Scalasca trace analysis
While summary profiles only provide process- or thread-local data aggregated over time, event traces contain detailed time-stamped event data which also allows to reconstruct the dynamic behavior of an application. This enables tools such as the Scalasca trace analyzer to provide even more insights into the performance behavior of an application, for example, whether the time spent in MPI communication is real message processing time or incurs significant wait states (i.e., intervals where a process sits idle without doing useful work waiting for data from other processes to arrive).
Trace collection and subsequent automatic analysis by the Scalasca trace analyzer can be enabled using the -t option of scalasca -analyze. Since this option enables trace collection in addition to collecting a summary measurement, it is often used in conjunction with the -q option which turns off measurement entirely. (Note that the order in which these two options are specified matters.)

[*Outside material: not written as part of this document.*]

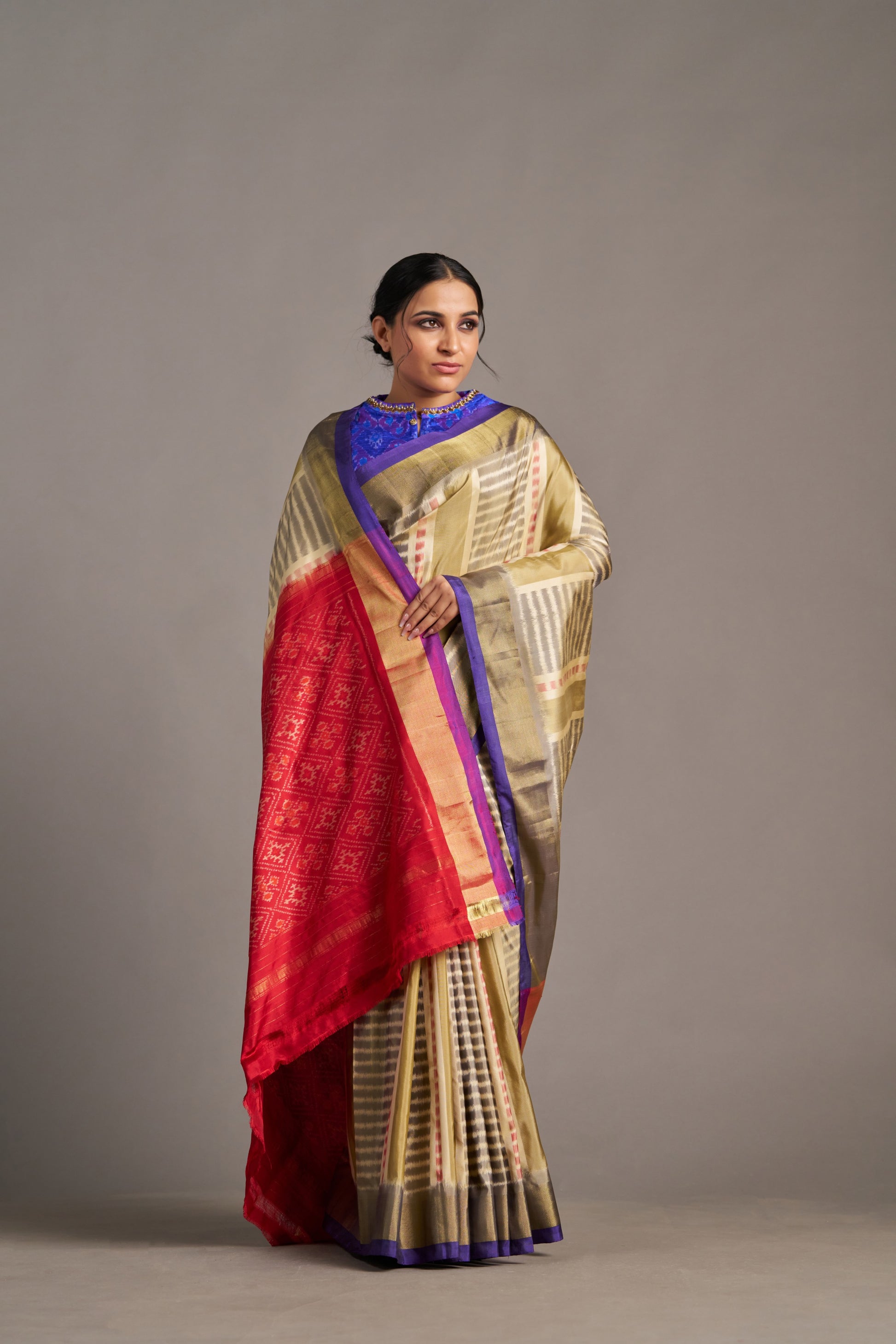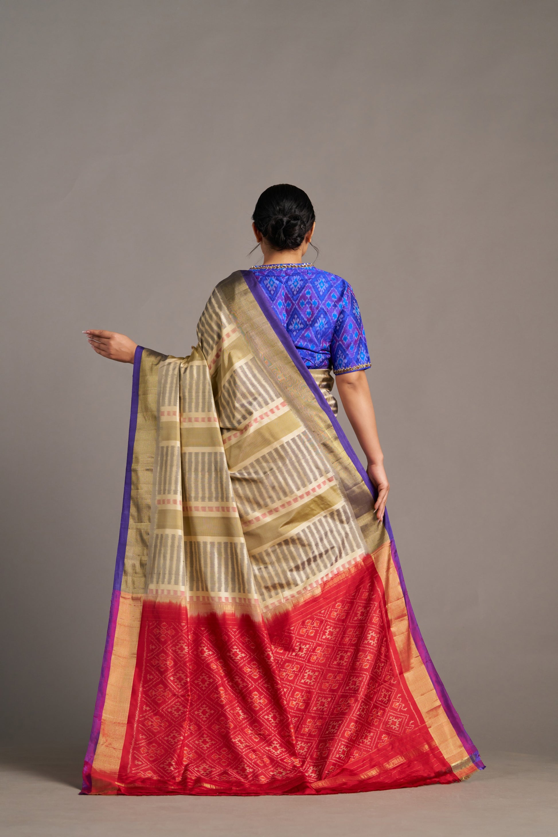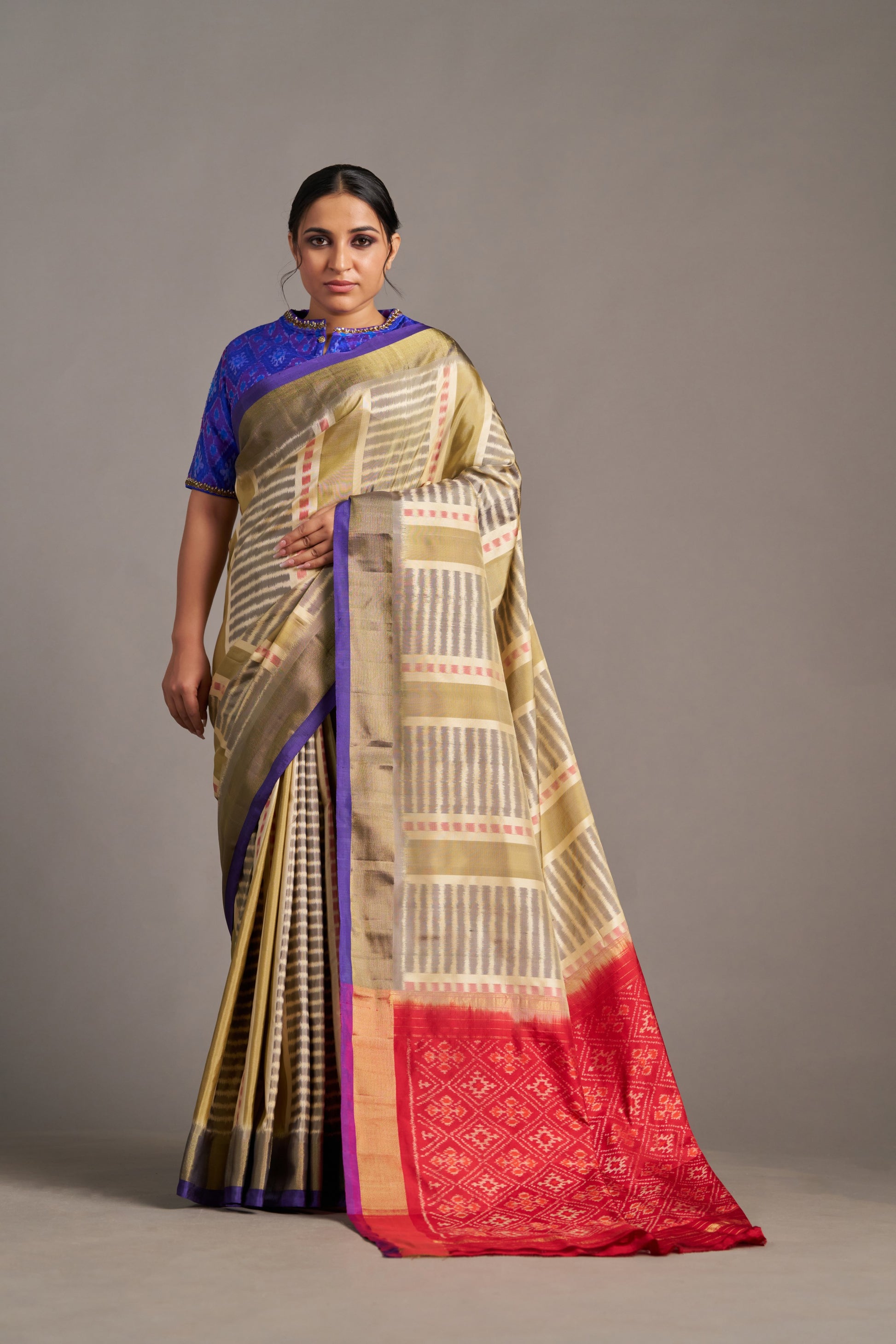 Discover understated elegance with our Contemporary Patola Saree, woven with intricate ikat patterns that blend traditional artistry with modern sophistication. The soft beige hue, paired with vibrant geometric designs, makes it an ideal choice for festive occasions and cultural celebrations. Embrace the timeless beauty of this Patola.
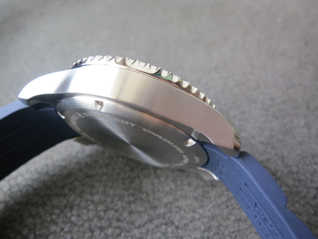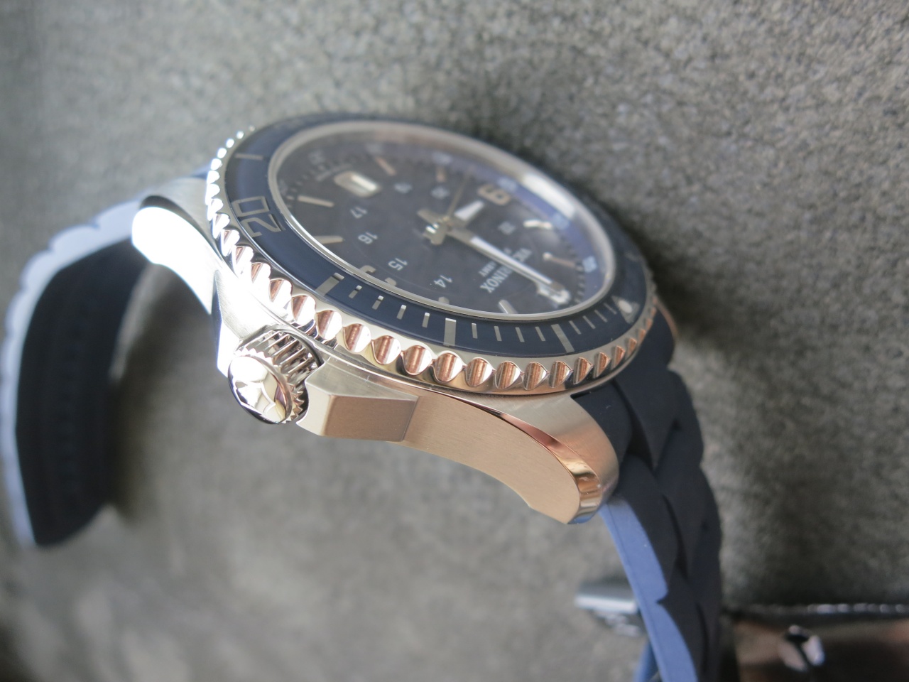 Кварцевые швейцарские часы на калибре Ronda 715 с индикацией даты из коллекции Maverick. Функция индикации заряда (EOL). Накладные цифры и метки. Вращающийся в одном направлении безель с эмалевым покрытием, устойчивым к воздействию UV-лучей. Завинчивающаяся задняя крышка. Люминесцентное покрытие на стрелках. Сапфировое стекло с тройным антибликовым покрытием. Стальной корпус с защитой заводной головки диаметром 43 мм. Каучуковый ремешок. Водозащита 100WR. Производство: Швейцария. Плановая замена батарейки в феврале 2022 года.

Traces can easily become extremely large and unwieldy, and uncoordinated intermediate trace buffer flushes may result in cascades of distortion, which renders such traces to be of little value. It is therefore extremely important to set up an adequate measurement configuration (i.e., a filtering file and SCOREP_TOTAL_MEMORY setting) before initiating trace collection and analysis!
For our example measurement, scoring of the initial summary report with the filter applied estimated a total memory requirement of 27MB per process (see scoring report here). As this exceeds the default SCOREP_TOTAL_MEMORY setting of 16MB, use of the prepared filtering file alone is not yet sufficient to avoid intermediate trace buffer flushes. In addition, the SCOREP_TOTAL_MEMORY setting has to be adjusted accordingly before starting the trace collection and analysis.
Renaming or removing the summary experiment directory is not necessary, as trace experiments are created with suffix trace.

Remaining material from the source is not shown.